2270. Number of Ways to Split Array - Explanation

1. Brute Force

Intuition

A valid split at index i means the sum of elements from 0 to i is at least as large as the sum from i+1 to the end. The straightforward approach is to compute both sums for every possible split point by iterating through the relevant portions of the array each time.

Algorithm

For each possible split index i from 0 to n - 2:
- Compute leftSum by iterating from 0 to i.
- Compute rightSum by iterating from i + 1 to n - 1.
- If leftSum >= rightSum, increment res.
Return the count of valid splits.

class Solution:
    def waysToSplitArray(self, nums: List[int]) -> int:
        n = len(nums)
        res = 0

        for i in range(n - 1):
            leftSum = 0
            for j in range(i + 1):
                leftSum += nums[j]

            rightSum = 0
            for j in range(i + 1, n):
                rightSum += nums[j]

            res += (1 if leftSum >= rightSum else 0)

        return res

Time & Space Complexity

Time complexity: $O(n ^ 2)$
Space complexity: $O(1)$

2. Prefix Sum

Intuition

Recomputing sums from scratch for each split is wasteful. By precomputing a prefix sum array, we can find the sum of any subarray in constant time.
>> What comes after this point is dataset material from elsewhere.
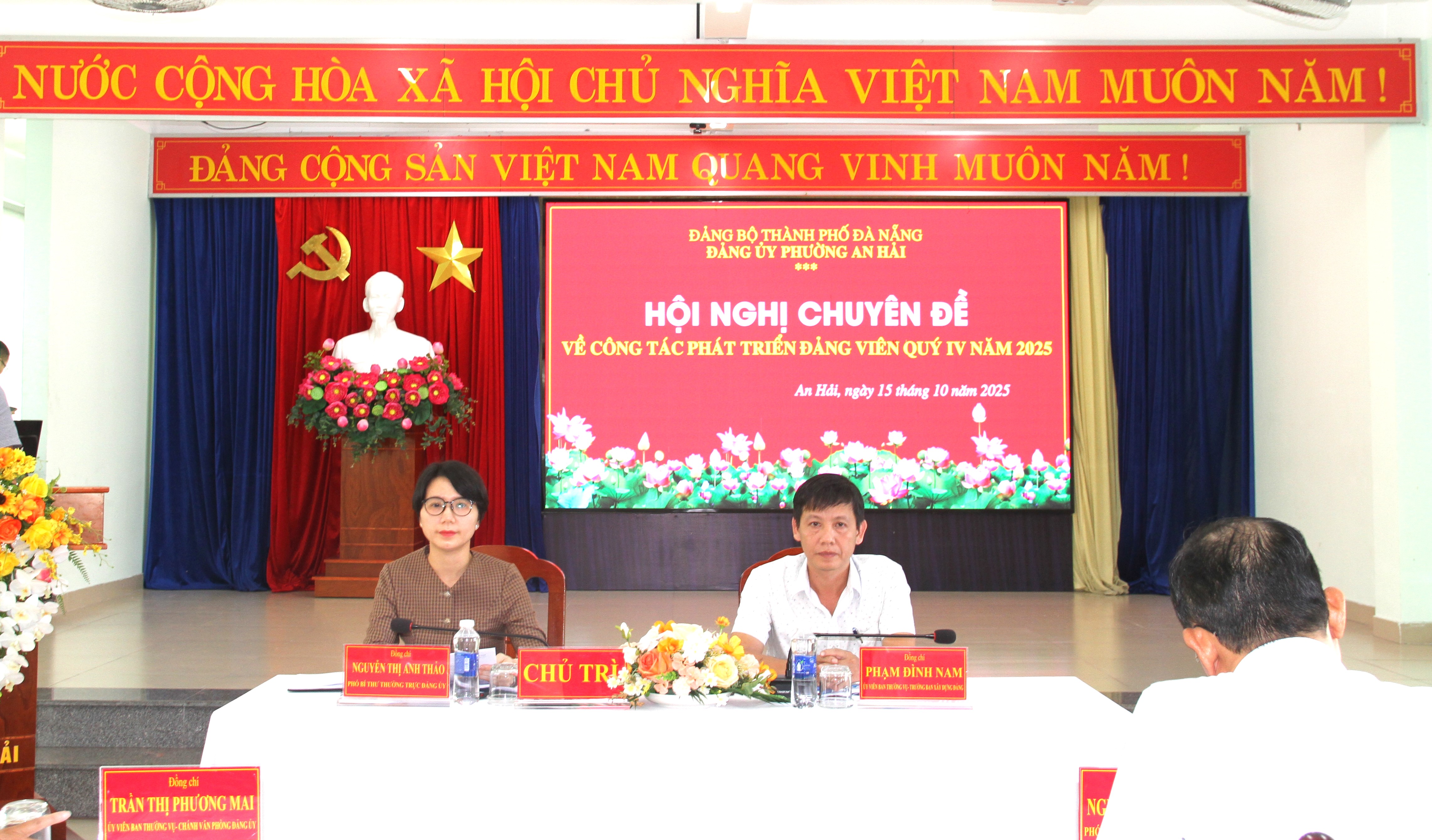 Chiều 15/10/2025, Ban Xây dựng Đảng Đảng ủy phường An Hải tổ chức Hội nghị chuyên đề về công tác phát triển đảng viên quý IV năm 2025. Tham dự Hội nghị có đồng chí Nguyễn Trọng Hùng - Phó Trưởng ban Ban Tổ chức Thành ủy Đà Nẵng; các đồng chí trong Ban Thường vụ, Ban Chấp hành Đảng bộ phường; Bí thư cùng cán bộ phụ trách công tác tổ chức đảng các chi, đảng bộ trực thuộc Đảng ủy phường. Phó Bí thư Thường trực Đảng ủy phường Nguyễn Thị Anh Thảo và Trưởng Ban Xây dựng Đảng Đảng ủy phường Phạm Đình Nam đồng chủ trì Hội nghị.

The left sum up to index i is prefix[i], and the right sum is prefix[n] - prefix[i].

Algorithm

Build a prefix sum array where prefix[i] is the sum of the first i elements.
For each split index i from 1 to n - 1:
- left = prefix[i].
- right = prefix[n] - prefix[i].
- If left >= right, increment res.
Return the count.

class Solution:
    def waysToSplitArray(self, nums: List[int]) -> int:
        n = len(nums)
        prefix = [0] * (n + 1)

        for i in range(n):
            prefix[i + 1] = prefix[i] + nums[i]

        res = 0
        for i in range(1, n):
            left = prefix[i]
            right = prefix[n] - prefix[i]
            if left >= right:
                res += 1

        return res

Time & Space Complexity

Time complexity: $O(n)$
Space complexity: $O(n)$

3. Prefix Sum (Optimal)

Intuition

We don't need to store the entire prefix sum array. Instead, we can maintain a running left sum and right sum. Start with right as the total, then shift elements from right to left as we iterate through possible split points.

Algorithm

Compute the total sum and assign it to right.
Initialize left = 0 and res = 0.
For each index i from 0 to n - 2:
- Add nums[i] to left and subtract it from right.
- If left >= right, increment res.
Return res.

class Solution:
    def waysToSplitArray(self, nums: List[int]) -> int:
        right = sum(nums)
        left = res = 0

        for i in range(len(nums) - 1):
            left += nums[i]
            right -= nums[i]
            res += 1 if left >= right else 0

        return res

Time & Space Complexity

Time complexity: $O(n)$
Space complexity: $O(1)$